Data processing pipeline implemented in the “MAIKI” study.
Figure 13. Data processing pipeline implemented in the “MAIKI” study.

In the study, we investigated whether sensor and EMA-based features derived from the MAIKI trial could predict depressive symptom severity while patients were undergoing treatment with a digital intervention. This target outcome was deemed clinically significant because accurate depression forecasts, even one or several days in advance, would enable anticipation of “sudden losses” and other rapid symptom changes during treatment. Identifying these changes early would be enormously helpful to administer therapeutic assistance exactly when it is needed; either through in-person support, or by triggering tailored content within the application. Deep learning architectures were used to generate the forecasts, whereby recurrent neural network (RNN) with gated recurrent units (GRUs) served as a baseline model (Cho et al., 2014).

One specific innovation in this study was to explore if the baseline GRU-RNN architecture could be improved using model personalization. Assuming that “depression” is a highly heterogenous construct, we hypothesized that adding further personalization layers while retaining a common backbone model would allow to enhance predictions, by allowing to “attune” the model to personal symptom dynamics within a designated “burn-in” phase. The most auspicious of the examined approaches was transfer learning with shared common layers, a method that has yielded promising results in previous mental health-related applications as well (see, e.g., Taylor et al., 2020). A schematic illustration of this approach is provided in Figure 14 below.
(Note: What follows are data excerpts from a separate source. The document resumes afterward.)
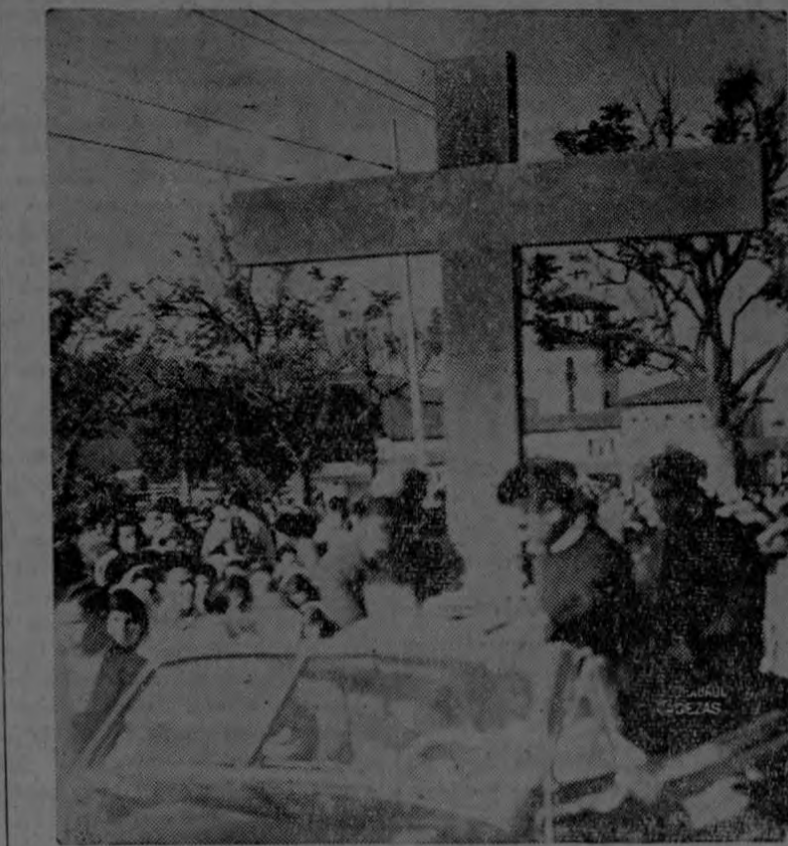
El pasado viernes llegó a San José, en una peregrinación por todos estos pueblos de América, la Santa Cruz de Jerusalén.

La madre recorría la casa con cierta nerviosidad inquietud. Sur grandes ojos claros, apagados de tanto llorar, se detenían con angustia sobre una puerta cerrada. Tras (Pasa a la Pág. DOS)
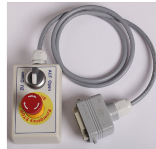
Abb.: Handbediengerät / NOT-AUS
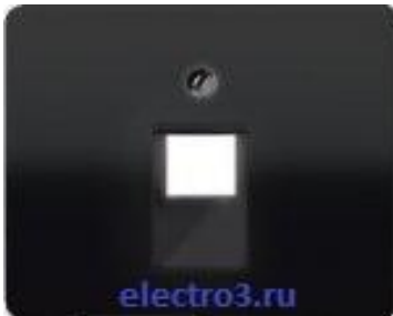
Механизм телефонный 1-й 13010404+ SL569-1UASW
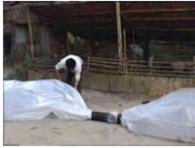
Photo 35. On libère le premier tube en plastique de la ficelle qui l'entoure
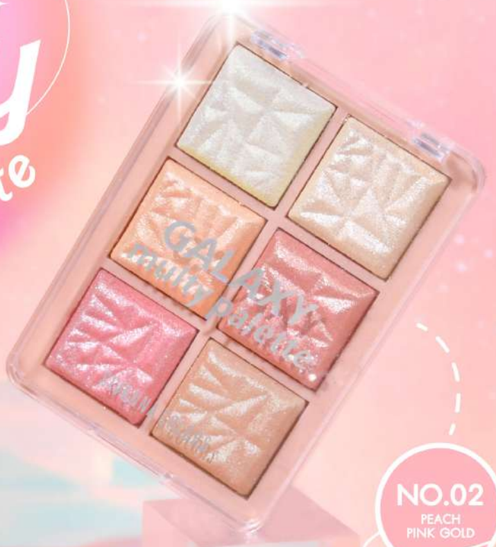
NO.02 PEACH PINK GOLD
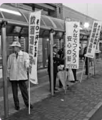
交通事故と犯罪のない安全なまちづくりを目指します
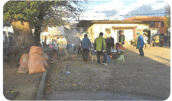
薪の準備から火起こし

Schematic illustration of transfer learning with shared common layers.
Figure 14. Schematic illustration of transfer learning with shared common layers.

In transfer learning, common “population-level” layers are combined with personalized layers for each patient. At first, a baseline model was trained on all individuals, with two layers of the pretrained GRU-RNN serving as the backbone. To personalize the architecture, a fully-connected layer with 30 neurons was then added along with the output layer of the baseline model, which was fine-tuned separately to each patient, resulting in a unique model for each individual. This approach thus captures both general patterns across all patients, as well as more “idiosyncratic” information that may arise due to inherent heterogeneity in patients' symptomatology, as well as their individual response to treatment.